§ PROVIDED MATERIAL:
----
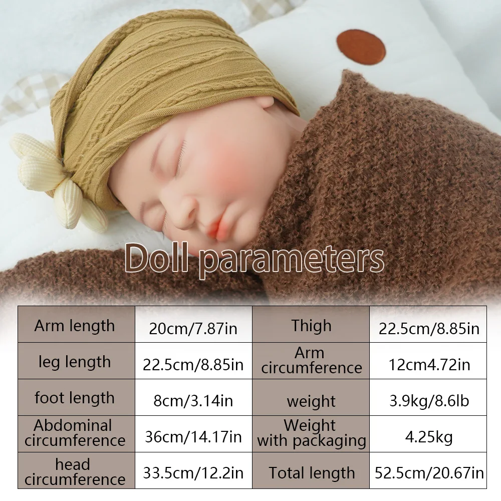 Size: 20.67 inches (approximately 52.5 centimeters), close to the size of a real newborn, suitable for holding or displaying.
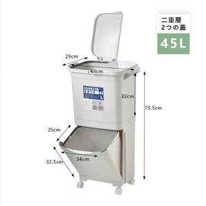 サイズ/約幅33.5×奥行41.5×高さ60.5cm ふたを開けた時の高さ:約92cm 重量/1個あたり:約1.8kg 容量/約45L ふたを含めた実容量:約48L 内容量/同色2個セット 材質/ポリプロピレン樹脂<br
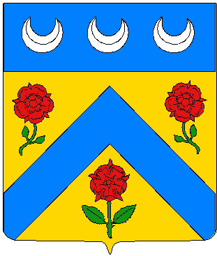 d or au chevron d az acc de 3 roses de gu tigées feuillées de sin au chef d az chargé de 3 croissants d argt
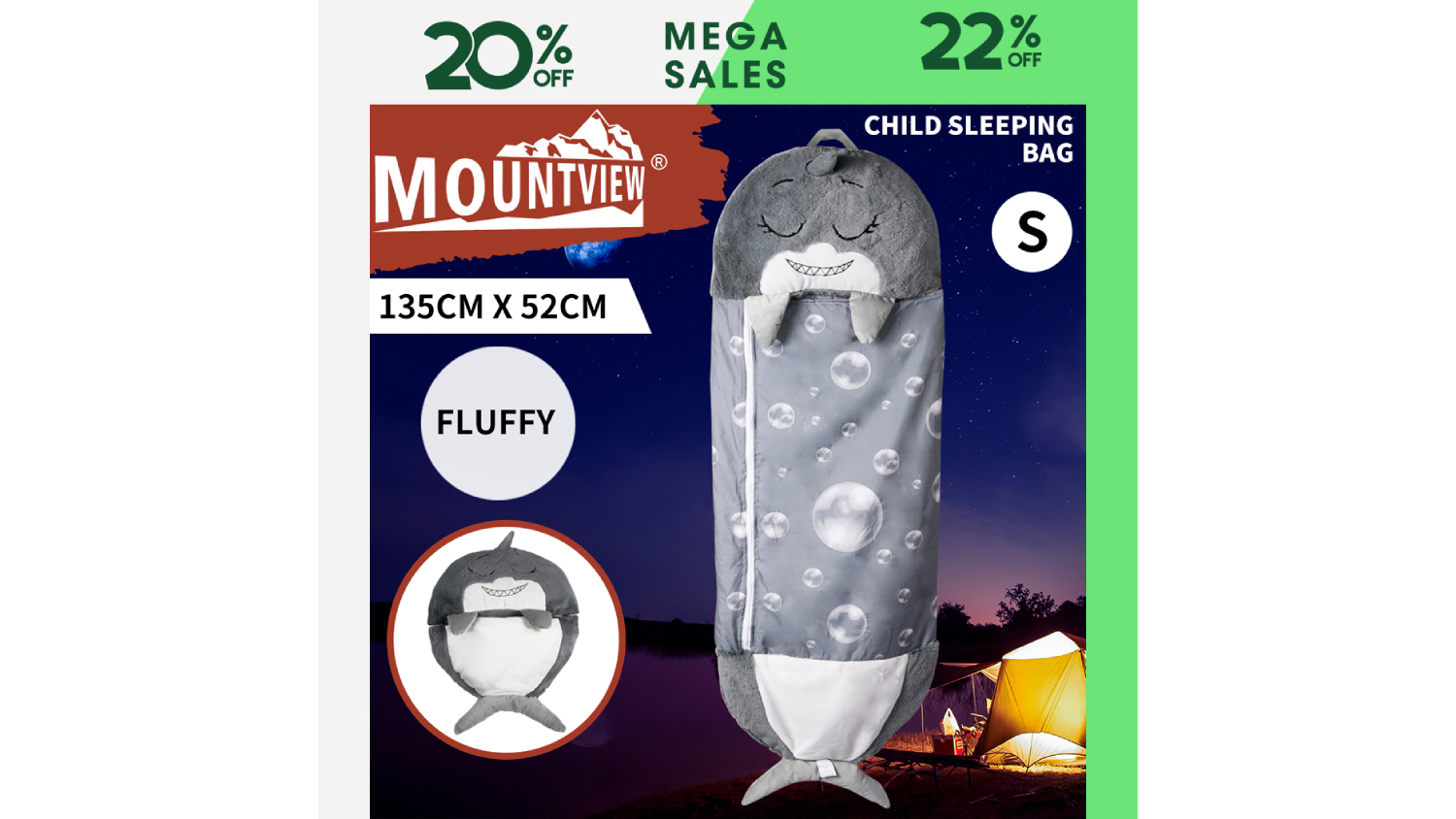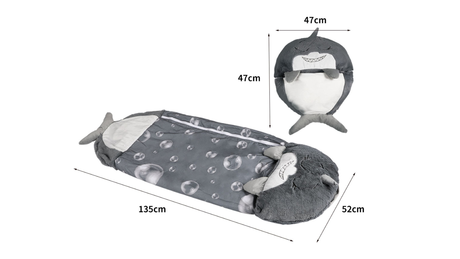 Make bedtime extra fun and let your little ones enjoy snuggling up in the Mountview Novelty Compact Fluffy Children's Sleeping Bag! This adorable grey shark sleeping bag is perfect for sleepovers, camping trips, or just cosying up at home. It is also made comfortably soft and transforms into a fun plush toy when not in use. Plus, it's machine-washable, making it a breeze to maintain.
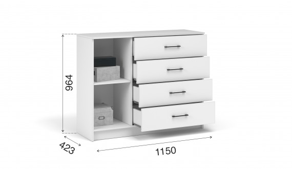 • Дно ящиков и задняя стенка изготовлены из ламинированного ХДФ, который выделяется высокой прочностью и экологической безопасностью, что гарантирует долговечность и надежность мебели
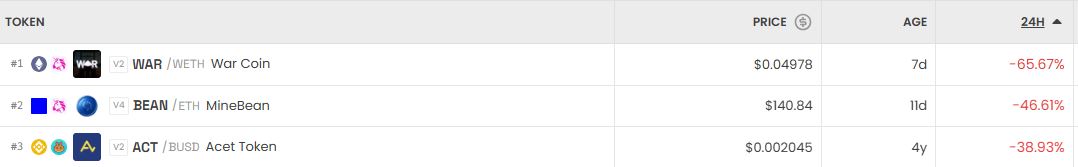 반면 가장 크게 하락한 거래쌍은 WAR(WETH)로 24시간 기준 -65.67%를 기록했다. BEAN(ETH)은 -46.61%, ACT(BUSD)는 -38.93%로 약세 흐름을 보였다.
----
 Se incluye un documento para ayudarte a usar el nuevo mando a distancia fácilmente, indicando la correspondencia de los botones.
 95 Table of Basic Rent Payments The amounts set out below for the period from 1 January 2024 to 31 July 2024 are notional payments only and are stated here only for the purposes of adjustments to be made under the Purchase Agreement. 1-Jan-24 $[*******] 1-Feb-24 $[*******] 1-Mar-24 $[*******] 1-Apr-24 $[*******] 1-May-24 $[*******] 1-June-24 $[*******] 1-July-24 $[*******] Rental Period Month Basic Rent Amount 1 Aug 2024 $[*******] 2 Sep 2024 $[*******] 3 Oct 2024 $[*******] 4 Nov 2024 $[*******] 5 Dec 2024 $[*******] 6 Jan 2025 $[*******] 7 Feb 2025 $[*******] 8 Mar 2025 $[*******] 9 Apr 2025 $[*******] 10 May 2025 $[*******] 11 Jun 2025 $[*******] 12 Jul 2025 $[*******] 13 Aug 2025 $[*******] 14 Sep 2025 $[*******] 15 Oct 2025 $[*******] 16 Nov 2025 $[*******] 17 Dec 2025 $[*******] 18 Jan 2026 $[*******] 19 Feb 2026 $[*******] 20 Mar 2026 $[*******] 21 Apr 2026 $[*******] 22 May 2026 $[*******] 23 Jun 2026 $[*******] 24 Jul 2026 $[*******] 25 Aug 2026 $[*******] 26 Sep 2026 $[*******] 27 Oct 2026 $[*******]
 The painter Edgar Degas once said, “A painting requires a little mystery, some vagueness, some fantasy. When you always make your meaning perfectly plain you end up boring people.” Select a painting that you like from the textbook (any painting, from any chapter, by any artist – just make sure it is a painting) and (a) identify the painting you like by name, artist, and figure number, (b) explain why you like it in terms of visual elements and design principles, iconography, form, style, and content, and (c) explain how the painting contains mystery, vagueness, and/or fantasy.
----
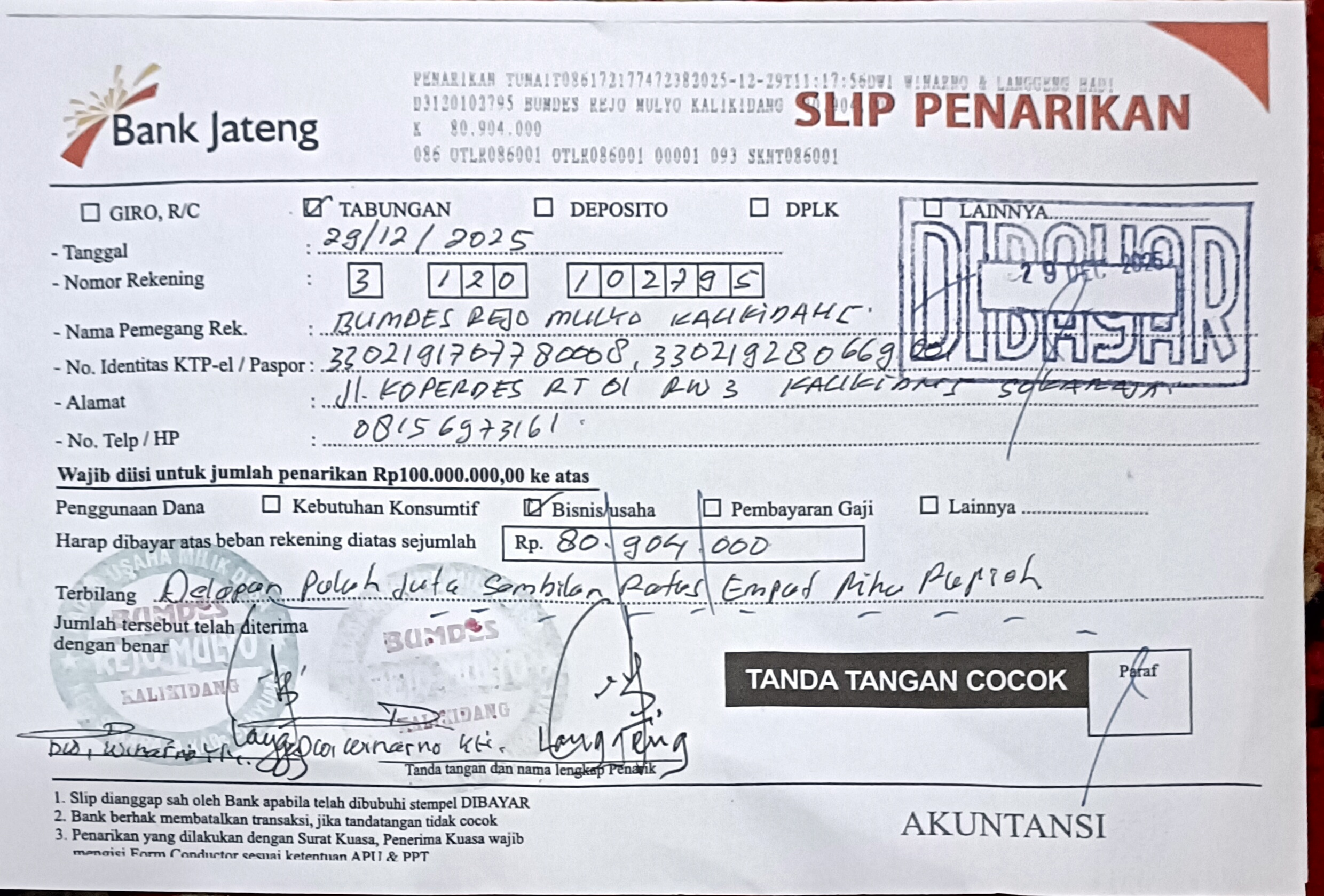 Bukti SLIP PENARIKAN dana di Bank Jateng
----
§ EXERCISE OBJECTIVE: Copy back exactly the lines above from the one containing "サイズ/約幅33.5×奥行41.5×高さ60.5cm ふたを開けた時の高さ:約92cm 重量/1個あたり:約1.8kg" through the one containing "d or au chevron", and leave every picture behind.

§ RESULT OF THIS TASK:
 サイズ/約幅33.5×奥行41.5×高さ60.5cm ふたを開けた時の高さ:約92cm 重量/1個あたり:約1.8kg 容量/約45L ふたを含めた実容量:約48L 内容量/同色2個セット 材質/ポリプロピレン樹脂<br
 d or au chevron d az acc de 3 roses de gu tigées feuillées de sin au chef d az chargé de 3 croissants d argt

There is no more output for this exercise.